Tutmés se puso a juguetear con sus anillos con aire desdichado. El acceso de furia de Hatshepsut no le preocupaba demasiado pues sabía que sus arrebatos solían desvanecerse con la misma celeridad que brotaban. Pero comprendía que la acusación era justa y que su propia cobardía lo había llevado a que una afrenta contra el protocolo y la decencia quedara impune.
—De veras lo siento, Hatshepsut. Tienes toda la razón del mundo —dijo, observando que el furor de su hermana se encontraba ya en franca curva descendente—. Desde luego que castigaré a Aset, pero debes comprender que no recibió la misma educación que nosotros y que su vida no ha sido precisamente fácil.
—Oh, Tutmés —dijo Hatshepsut con aire cansino—. Muchas personas nacen en la indigencia y sin embargo consiguen vivir con humildad y rectitud al servicio de Dios y de su prójimo. No creo que ninguna otra mujer de Tebas sea capaz de mostrarse tan dura de corazón como ella, ni siquiera con su peor enemigo. Y, por otra parte, yo no soy en absoluto su enemiga, cosa que Aset comprendería si reflexionara un poco. Incluso podría haber sido su amiga.
—Le inspiras temor —señaló Tutmés—. Se siente insegura, como si tuviera que vigilar todo el tiempo por encima del hombro. Y, para ella, la reina es una rival formidable.
Hatshepsut dejó escapar una carcajada.
—¿Cómo se atreve a pensar en mí en términos de rivalidad?
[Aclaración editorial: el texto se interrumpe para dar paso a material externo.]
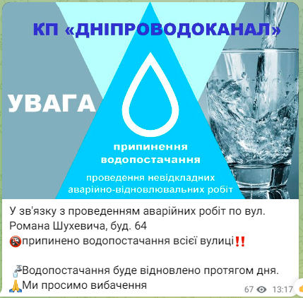 Відключення світла та аварійні роботи: де сьогодні у Дніпрі немає води
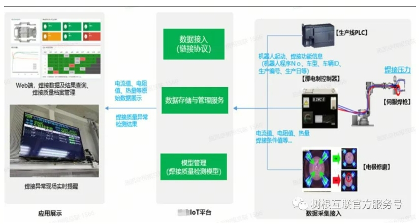 在某知名汽車整車廠焊接車間,每一道焊點(diǎn)都承載著該企業(yè)對(duì)精細(xì)工藝的堅(jiān)守和對(duì)優(yōu)質(zhì)產(chǎn)品的追求。憑借2000余個(gè)焊點(diǎn)、90%的自動(dòng)化率和200臺(tái)精密設(shè)備,該企業(yè)基本實(shí)現(xiàn)了焊接過(guò)程的全自動(dòng)化。然而,如何甄別出不良焊點(diǎn),如何進(jìn)行持續(xù)優(yōu)化提升呢?樹(shù)根科技結(jié)合自身在數(shù)據(jù)采集和AI算法上多年的技術(shù)沉淀,結(jié)合企業(yè)豐富的業(yè)務(wù)知識(shí),雙方共創(chuàng),實(shí)現(xiàn)了焊點(diǎn)質(zhì)量自動(dòng)檢測(cè)。

Pues yo soy el dios, y en cambio ella, ¿quién es? Es inútil que esté vigilando por encima del hombro, pues ella misma es su peor enemiga.
—Lo siento —repitió Tutmés—. ¿Quieres que la haga azotar?
Hatshepsut contempló con lástima y desprecio ese rostro ceñudo y preocupado.
—No será necesario. Por lo menos en esta oportunidad. Pero si persiste en su actitud necia, tal vez no quede otro remedio. No, Tutmés; sólo enciérrala en sus aposentos y prohíbele que salga a] jardín. No deseo verla por mucho, mucho tiempo; ni durante las comidas, ni en mis caminatas y tampoco en ninguna celebración pública. Ahora regresaré a la cama. —Le hizo una leve inclinación a Tutmés y avanzó hacia la puerta. De pronto se volvió, mientras en su boca se dibujaba una extraña sonrisa—. ¿Qué te parece tu nueva hija?
Tutmés se agitó con incomodidad.
—Si quieres que te diga la verdad, Hatshepsut, no lo sé. No cabe duda de que es más robusta que Neferura, pero no encuentro en sus rasgos ninguna semejanza con nosotros dos ni con sus abuelos.
—Tampoco yo —dijo Hatshepsut con una mueca—. ¡Oh, bueno, no fue la voluntad de Amón darme un rey! —y salió, cerrando la puerta con suavidad.